Ⅳ や っ ち ゃ ば 閑 話

Ⅳ
や
っ ち
ゃ
ば
閑
話
「いい値段」ってなんだろう?
ルビーロマン 1 房 110 万円。夕張メロン 2 玉 300 万円。今年も驚きの初値が市場を賑わせ
ている。極めて「いい値段」だ。
これはご祝儀相場と呼ばれるもので、初荷につけられる価格である。ご祝儀相場は、商品
そのものの価値だけではない。産地に元気になってもらおう!という仲卸などからの応援や、
マスコミによる産地の宣伝効果、高級果実店としてのPRなど、様々な意味を含む。さすが
に 100 万円を超えるような産地・品目は限られているが、それだけの価格をつけるのは、
やはり品質への横綱級の評価があってこそである。そして、その後に続く通常の競売でもか
なりの高値で買われ、お店に並ぶときには市場価格の約 2 倍になるというから驚きだ。
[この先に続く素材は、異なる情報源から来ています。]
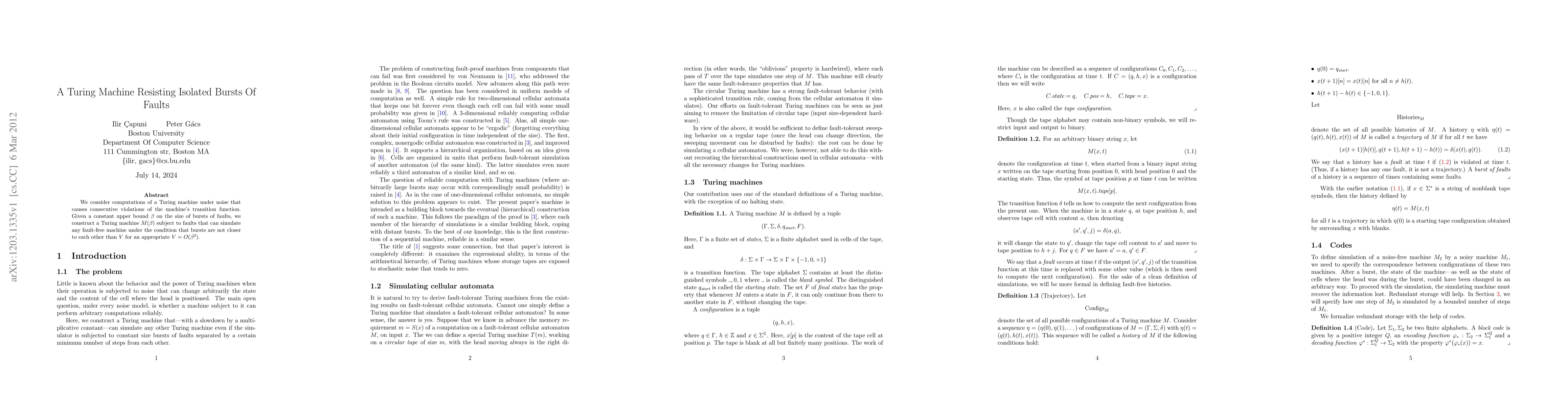 This paper constructs a fault-tolerant Turing machine M(B) that can simulate any fault-free machine under noise, provided that consecutive faults occur in isolated bursts of size B with a minimum separation distance of V = O(B^2). The machine is designed to resist isolated bursts of faults effectively.
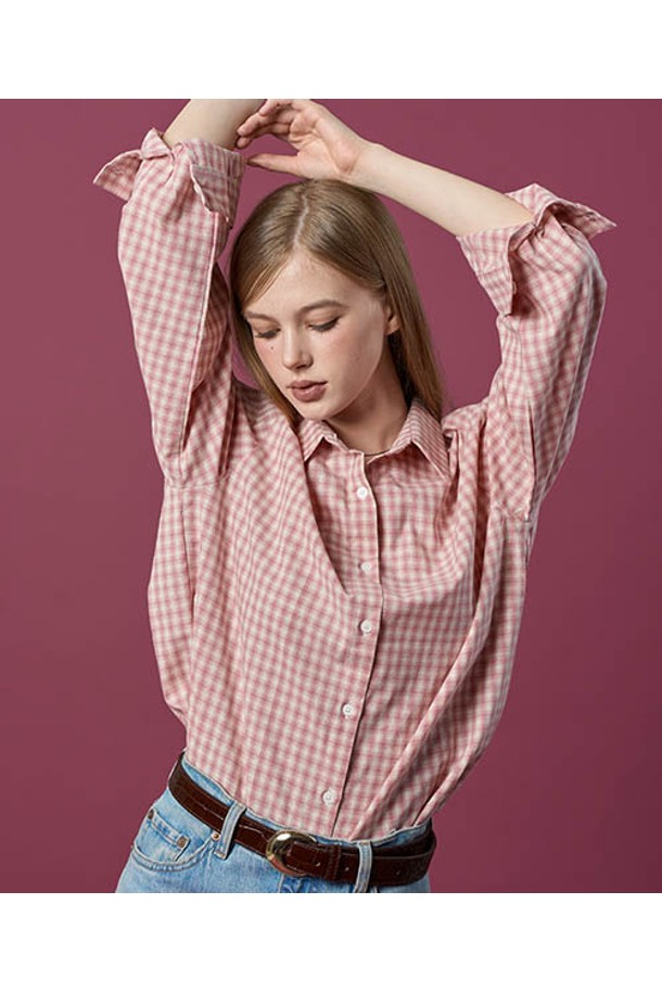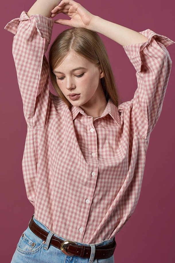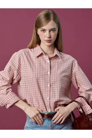 데일리 겉기모 클래식 오버핏 깅엄 체크 셔츠 [PINK] 긴팔티 ver.
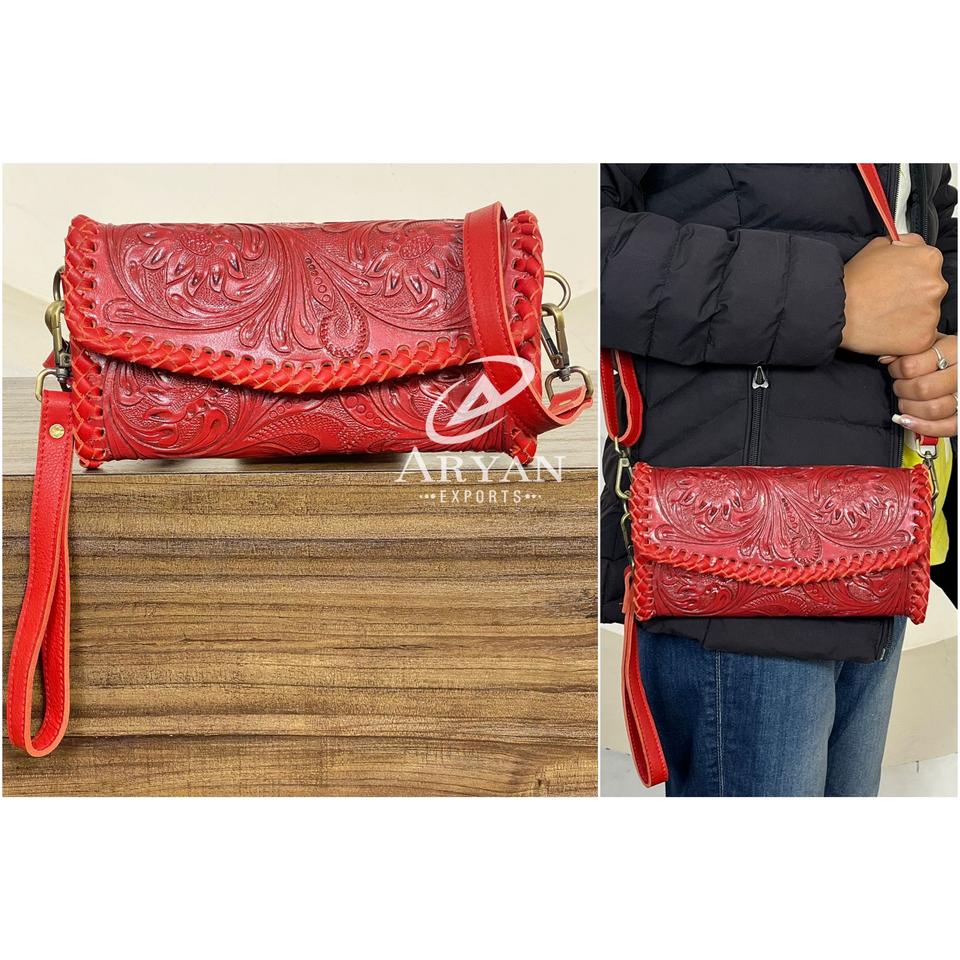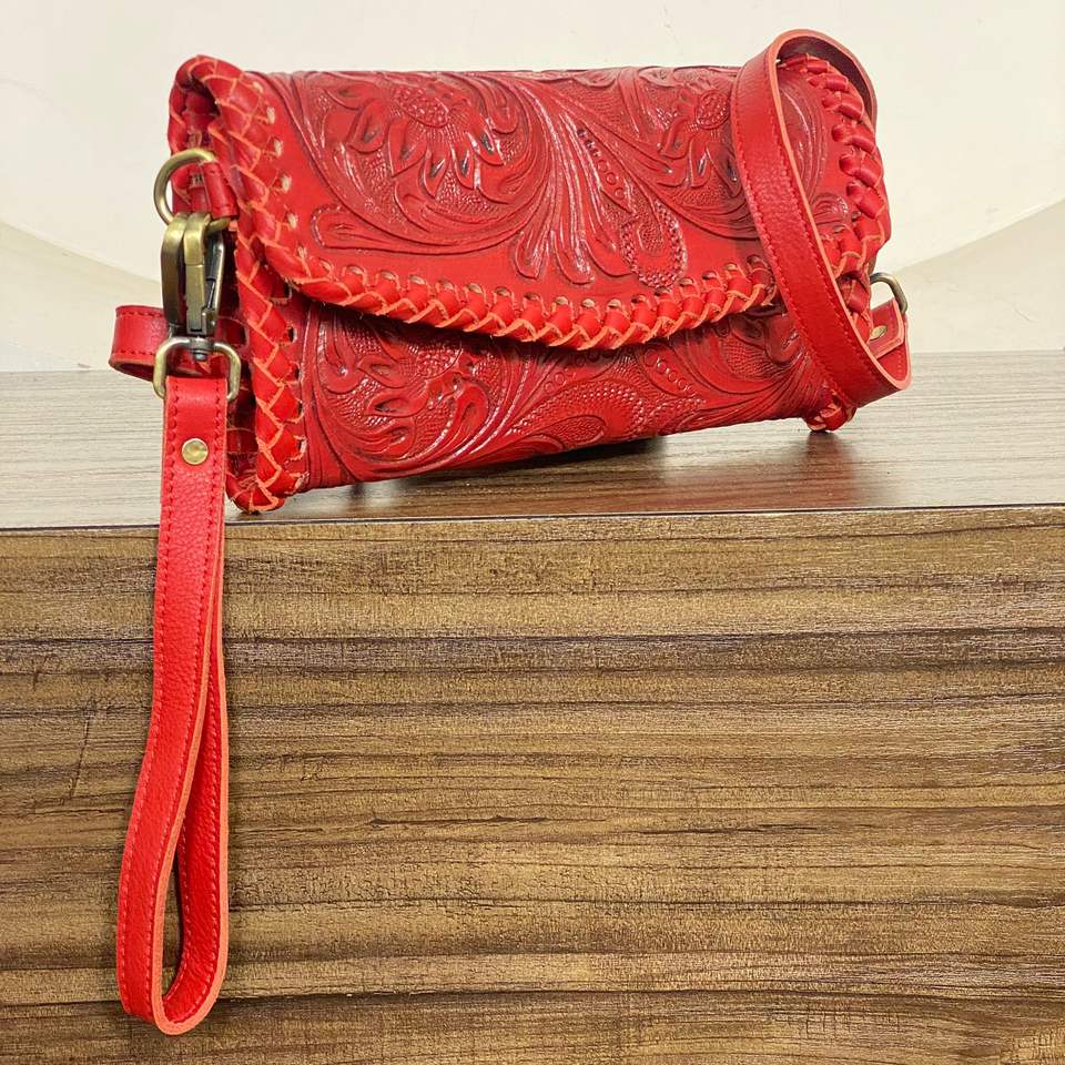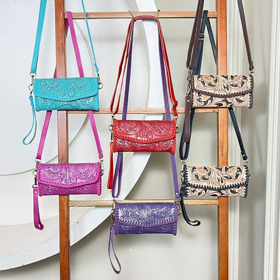 กระเป๋าหนังแท้ลายดอกไม้สลักลายด้วยมือสำหรับผู้หญิง พร้อมสายคล้องมือ ช่องใส่บัตร และช่องซิป

ご祝儀相場に限らず青果物市場では、品目の出始めの価格が高く、入荷が本格化するにつ
れて価格が下がってくる。特に、果実などの嗜好品でその傾向が強い。
これは、出始めは入荷量が少ないこともあるが、卸売会社が産地からなるべく多くの荷物
を送ってもらおうと、少し高めの価格をつけていることもある。近年、果実の生産量が少な
くなっていることもあり、なるべく自分のところへ荷物を集めたい、と卸売会社同士でせめ
ぎあっているのだ。産地にとってはうれしい状況だ。
しかし一方で、「高値での売り先は限られる」という声もある。高値で販売できるのは
高級店やギフト向けなどで、そうした需要は相対的に少ないのが現実である。いつまでも
高値にこだわっていることで、量を売ってくれる販売先を逃すこともある。例えば、多くの
消費者を抱え、多量に販売する量販店などだ。
量販店では、品目ごとの販売価格がある程度決まっている。1 玉 500 円を超える梨や桃は
主要商材ではない。一般消費者を自認する私の手が伸びるのは、せいぜい 1 玉 250 円以下。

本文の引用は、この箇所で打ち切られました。